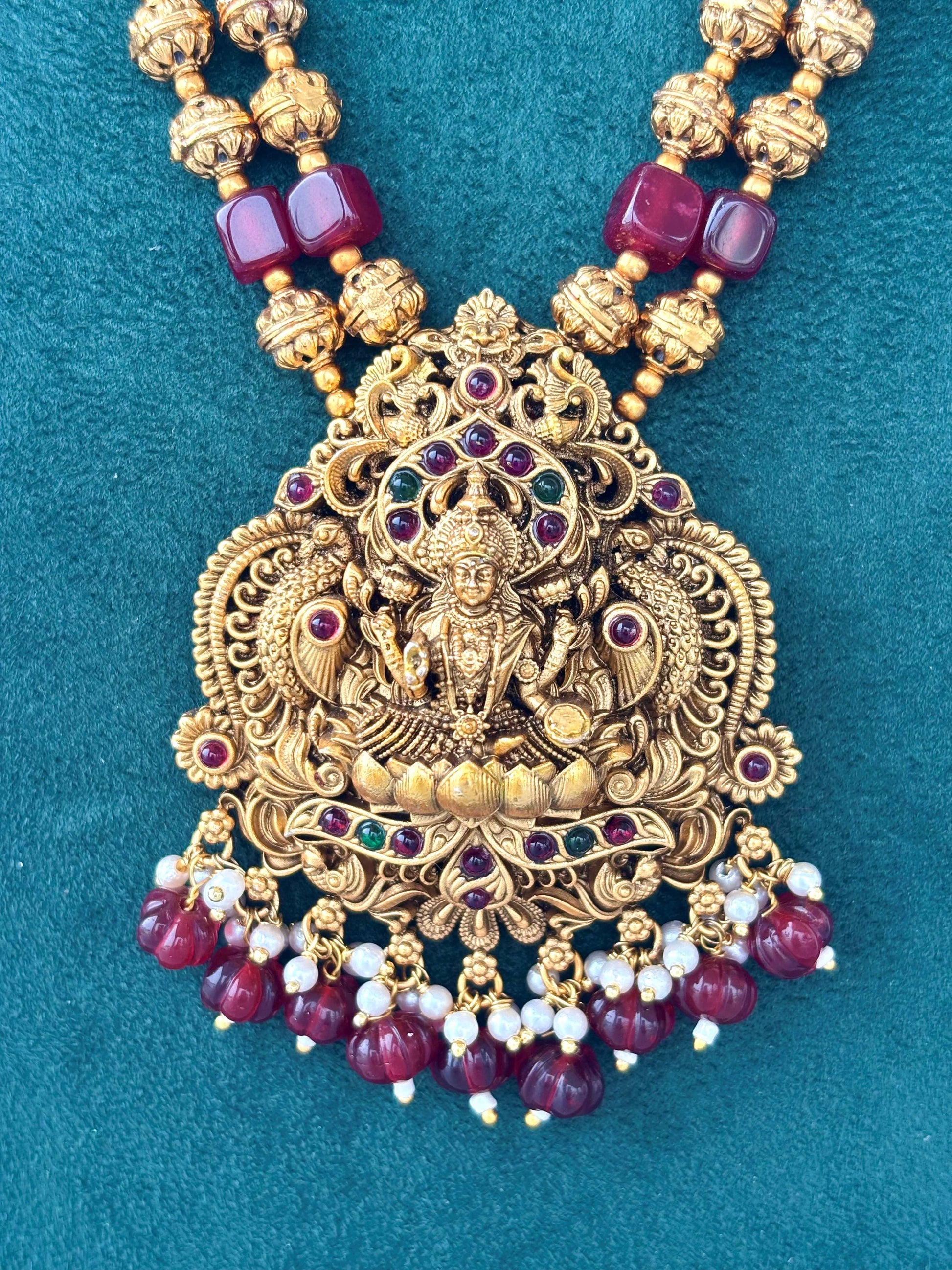 Elevate your ethnic style with this handcrafted Lakshmi temple necklace, featuring an intricate antique gold finish and red hydro bead accents. With matching jhumkas. Length 11.5 inches from hook to pendant with adjustable chord.
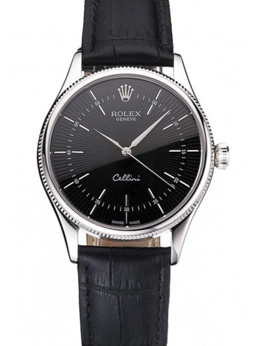 The Rolex Cellini 39mm Black Dial 622654 Super Clone is a meticulously crafted luxury timepiece with fine detailing and precise timekeeping. This not only exhibits high-grade craftsmanship, but also boasts of a refined aesthetic charm, making it a perfect accessory for any occasion. The automatic movement along with the power reserve feature ensures ideal time synchronization while the water resistance brings in versatility suitable for a dynamic lifestyle.
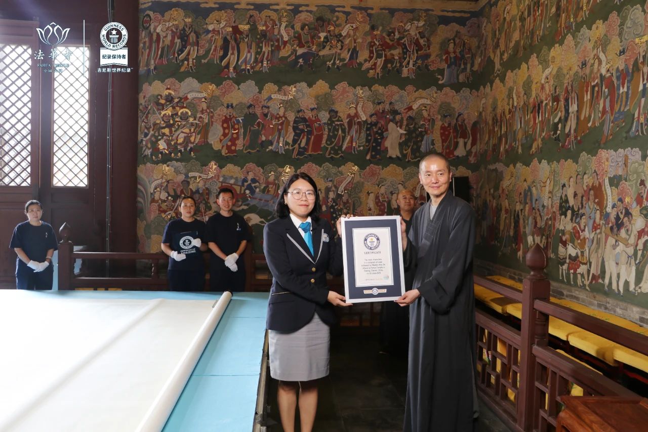 万德法师手书《华严经》经塔,经吉尼斯世界纪录认证官严格现场认证,正式荣获
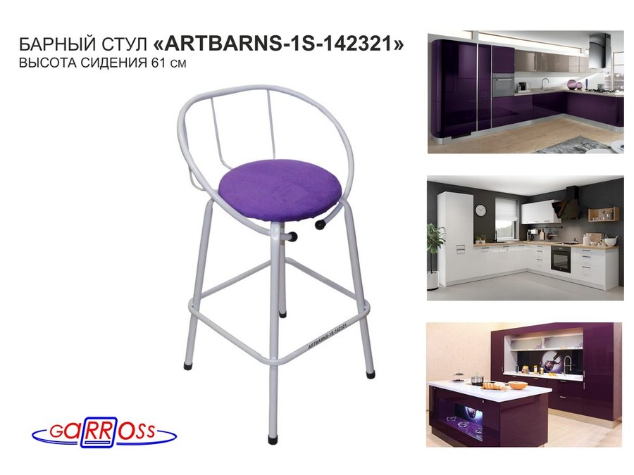 В корзину Купить в 1 клик "ARTBARNS 1S-142321" cтул барный, табурет, спинка, высота 0,61метра, 22мм,серые ножки/фиолет. ткань
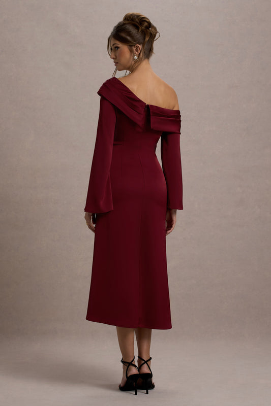 Astral | Port Satin Asymmetric Flared-Sleeve Midi Dress
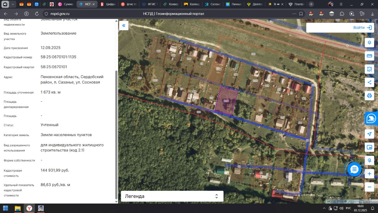 Земельный участок из категории земель - земли населенных пунктов, разрешенное использование для индивидуального жилищного строительства (код 2.1), с кадастровым номером 58:25:0670101:1135, общей площадью 1673 кв.м, адрес (местоположение) объекта: Пензенская область, Сердобский район, п. Сазанье, ул. Сосновая. Цель использования - для индивидуального жилищного строительства.
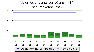| Débit nominal temps pluie : | 1 400 m3/j |
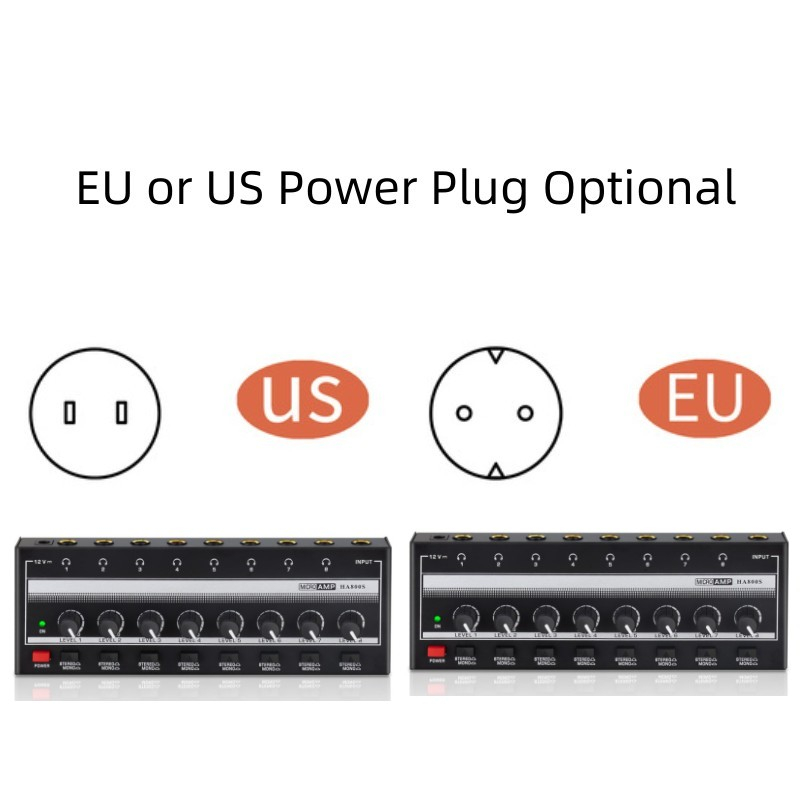 Metal Headphone Amp 8 Channel Stereo Portable Mini Headphone Splitter with 8 Stereo/Mono Switch for Sound Mixer HA800S
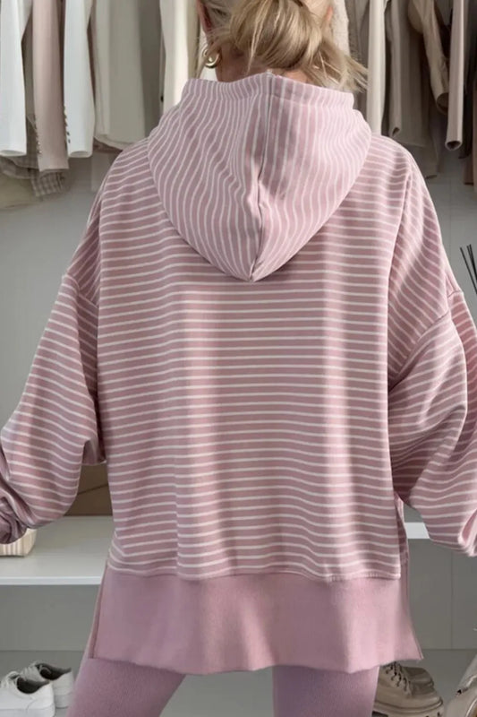 Plus Size Contrast Trim Drawstring Long Sleeve Mini Dress
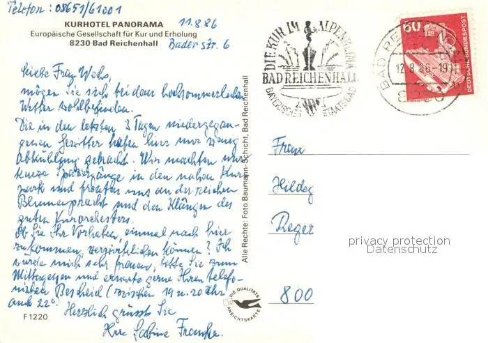 Bad_Reichenhall Kurhotel Panorama Bad_Reichenhall postalisch gelaufen 1986 Erhaltung siehe scans [WerneD78] WernPID7
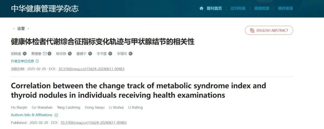 研究指出,健康體檢者代謝綜合徵指標變化軌跡與甲狀腺結節呈正相關,代謝綜合徵指標可作爲甲狀腺結節的預測指標。
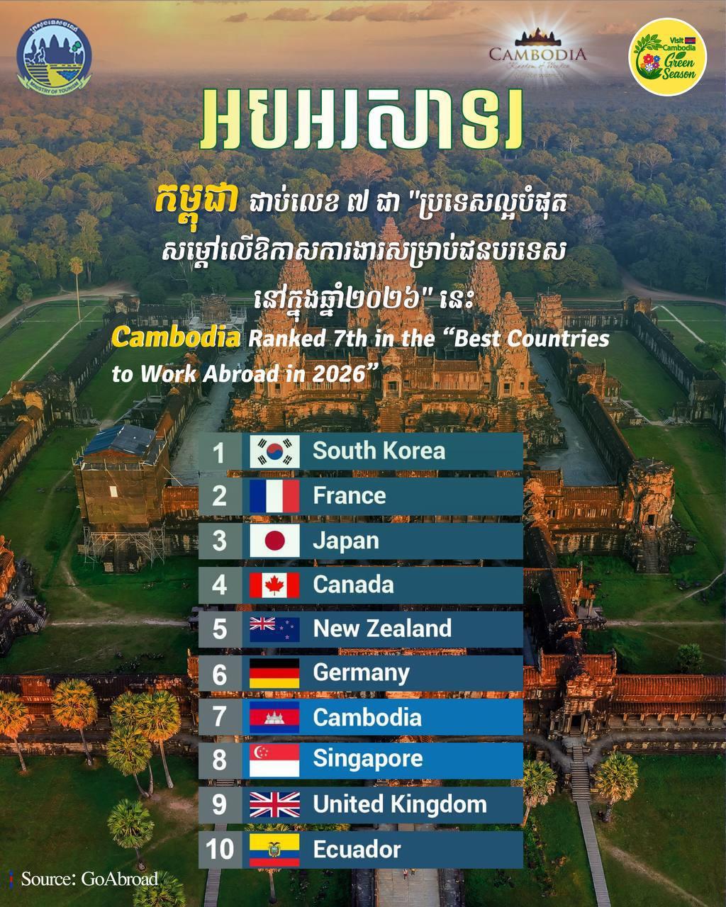 (Phnom Penh): According to GoAbroad’s 2026 rankings, Cambodia has secured 7th place globally in the list of the Best Countries to Work Abroad in 2026, making it the highest-ranked country in Southeast Asia.
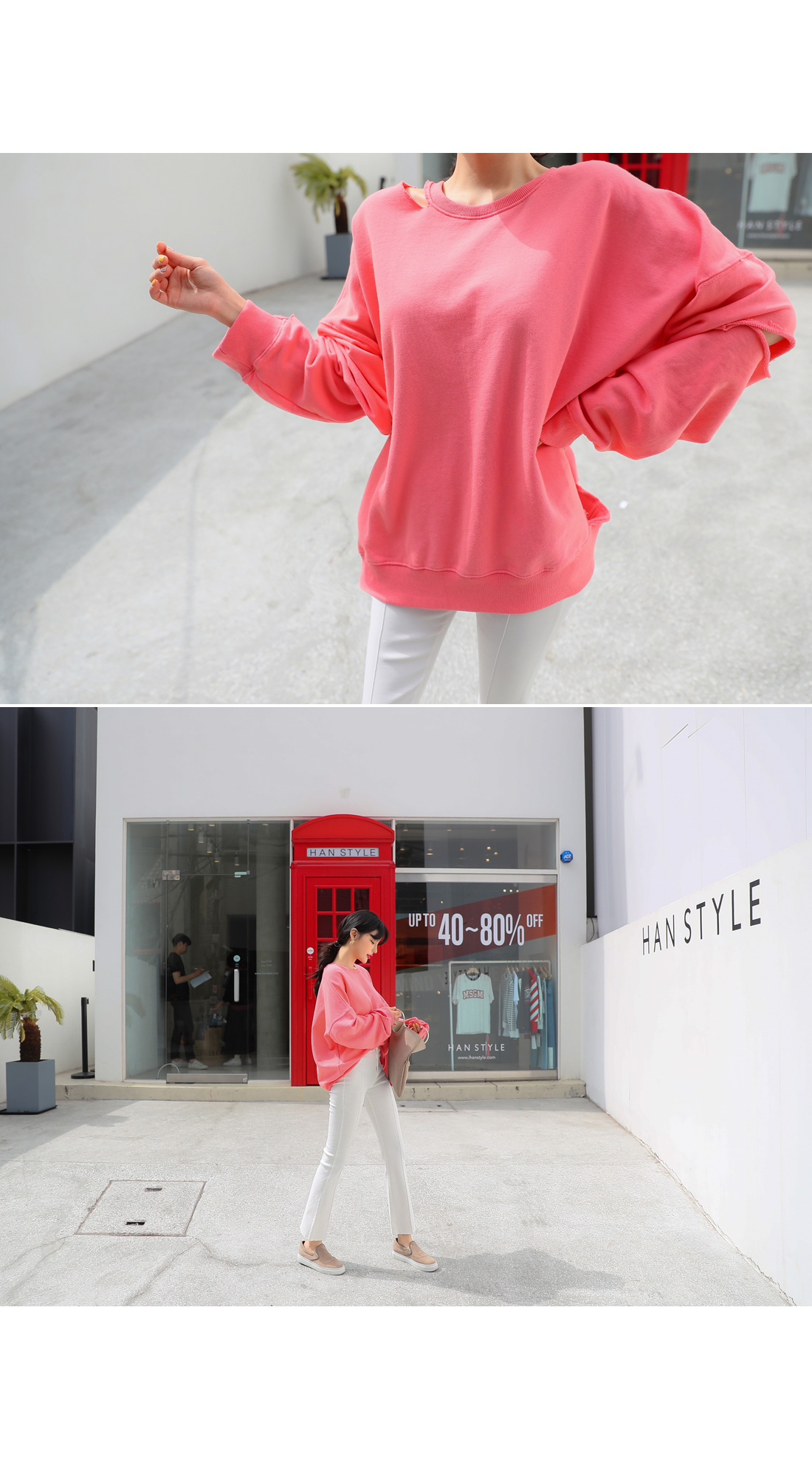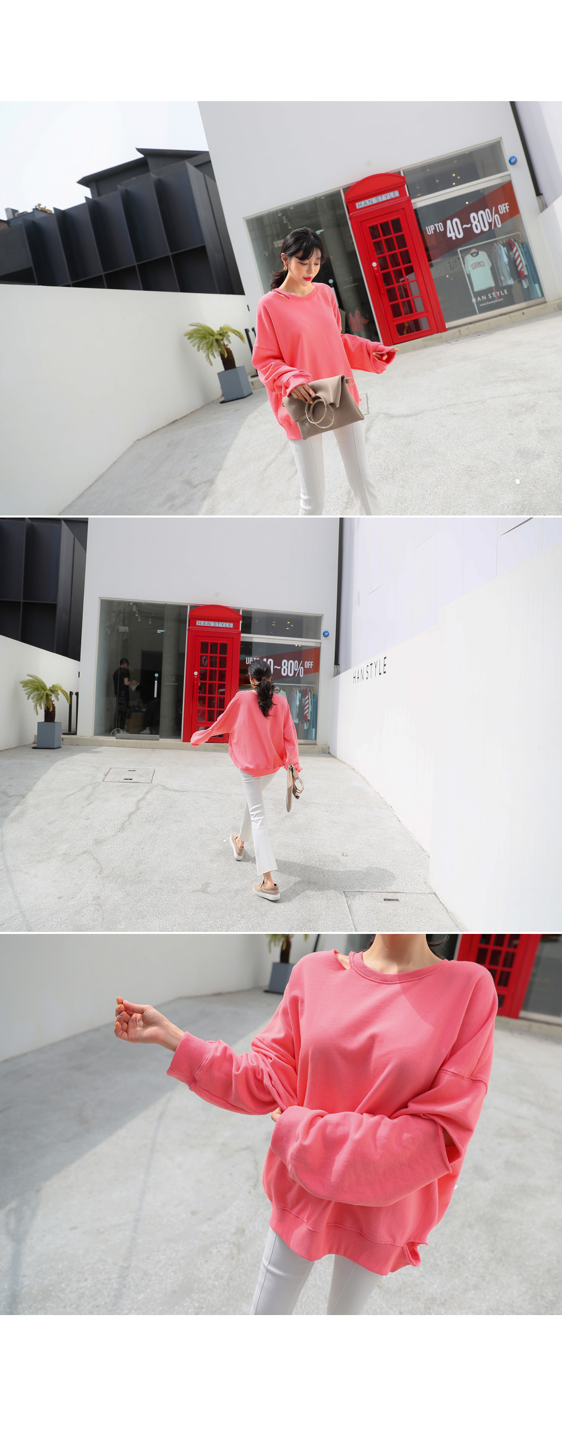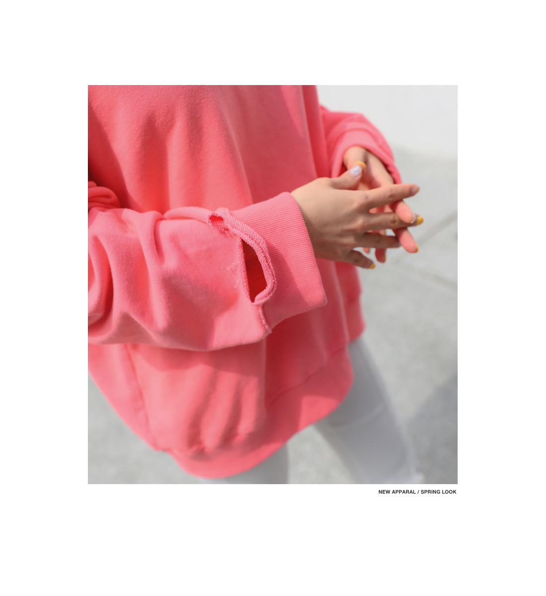 루즈한 핏이 매력적인 컷팅 맨투맨을 소개합니다.루즈한 핏에 드롭 소매 디자인으로 여리여리하게 연출하기 좋으며컷팅 디테일이 포인트로 들어가빈티지한 무드를 더한 맨투맨 아이템이랍니다.신축성 좋은 소재로 편안한 착용감을 자랑하며상큼한 컬러들로 구성되어 포인트로 입기 좋아요.스커트와 함께 매치하여 걸리쉬한 무드로 연출하거나팬츠와 함께 캐주얼하고 내추럴한 무드로 스타일링해도예쁘게 잘 어울려 활용도가 높답니다.여유있는 핏으로 편하고 가볍게 입기 좋으며컬러는 옐로우, 핑크 2 가지로 구성되었어요.
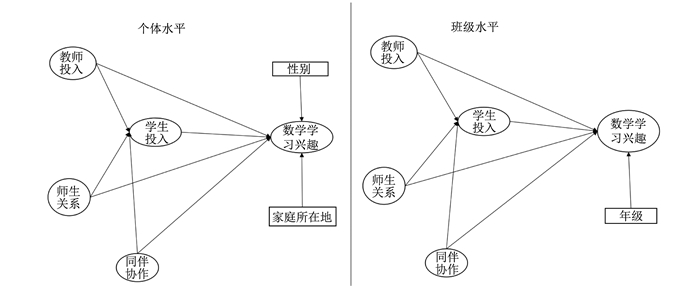 三、研究与发现:课堂人际知觉对学生学习兴趣影响的多水平实证 (一) 研究假设教师投入、学生投入、师生关系和同伴协作均能有效促进学生学习兴趣的发展。首先,教师作为课堂教学的组织者,对学生的影响是显而易见的。课堂上学生知觉到教师投入越多,就越有可能体验到积极情感(Skinner & Belmont, 1993),从而激发(或维持)学习兴趣。其次,学习兴趣产生于学生与所学内容的交互作用,个体投入的多寡与所学内容的交互范围、交互程度成正相关,学生投入越多则越容易产生或提高学习兴趣(何旭明, 陈向明, 2008)。再者,诸多研究表明,师生关系与学生的学习行为、学习投入和学习结果等密切相关(Roorda, Koomen, Spilt, & Oort, 2011;邹泓, 李彩娜, 2009)。和谐积极的师生关系会使学生舒适而轻松,更加愿意投入到学习活动中,学习兴趣更容易得到激发和维持。最后,课堂上生生之间的互动交流会增强学生课堂学习的积极体验,提高其学习主动性,激发或提高其学习兴趣(张萍, 沈雁华, 安婧,2018)。此外,也有研究提到,学生感知到的教师投入会间接带动学生投入(何旭明,2014)。同样,师生关系和同伴协作也会促进学生投入(Roorda, Koomen, Spilt, & Oort, 2011;赵贞卿, 2018)。综上,我们假设,教师投入、师生关系和同伴协作除了能直接影响学生的学习兴趣外,还能通过带动学生投入,二次激发其学习兴趣。

● **Your assignment**
Can the lines from the one with "루즈한 핏이 매력적인" to the end of the records above be quoted exactly, both ends included, with every picture omitted?

● **The answer**
 루즈한 핏이 매력적인 컷팅 맨투맨을 소개합니다.루즈한 핏에 드롭 소매 디자인으로 여리여리하게 연출하기 좋으며컷팅 디테일이 포인트로 들어가빈티지한 무드를 더한 맨투맨 아이템이랍니다.신축성 좋은 소재로 편안한 착용감을 자랑하며상큼한 컬러들로 구성되어 포인트로 입기 좋아요.스커트와 함께 매치하여 걸리쉬한 무드로 연출하거나팬츠와 함께 캐주얼하고 내추럴한 무드로 스타일링해도예쁘게 잘 어울려 활용도가 높답니다.여유있는 핏으로 편하고 가볍게 입기 좋으며컬러는 옐로우, 핑크 2 가지로 구성되었어요.
 三、研究与发现:课堂人际知觉对学生学习兴趣影响的多水平实证 (一) 研究假设教师投入、学生投入、师生关系和同伴协作均能有效促进学生学习兴趣的发展。首先,教师作为课堂教学的组织者,对学生的影响是显而易见的。课堂上学生知觉到教师投入越多,就越有可能体验到积极情感(Skinner & Belmont, 1993),从而激发(或维持)学习兴趣。其次,学习兴趣产生于学生与所学内容的交互作用,个体投入的多寡与所学内容的交互范围、交互程度成正相关,学生投入越多则越容易产生或提高学习兴趣(何旭明, 陈向明, 2008)。再者,诸多研究表明,师生关系与学生的学习行为、学习投入和学习结果等密切相关(Roorda, Koomen, Spilt, & Oort, 2011;邹泓, 李彩娜, 2009)。和谐积极的师生关系会使学生舒适而轻松,更加愿意投入到学习活动中,学习兴趣更容易得到激发和维持。最后,课堂上生生之间的互动交流会增强学生课堂学习的积极体验,提高其学习主动性,激发或提高其学习兴趣(张萍, 沈雁华, 安婧,2018)。此外,也有研究提到,学生感知到的教师投入会间接带动学生投入(何旭明,2014)。同样,师生关系和同伴协作也会促进学生投入(Roorda, Koomen, Spilt, & Oort, 2011;赵贞卿, 2018)。综上,我们假设,教师投入、师生关系和同伴协作除了能直接影响学生的学习兴趣外,还能通过带动学生投入,二次激发其学习兴趣。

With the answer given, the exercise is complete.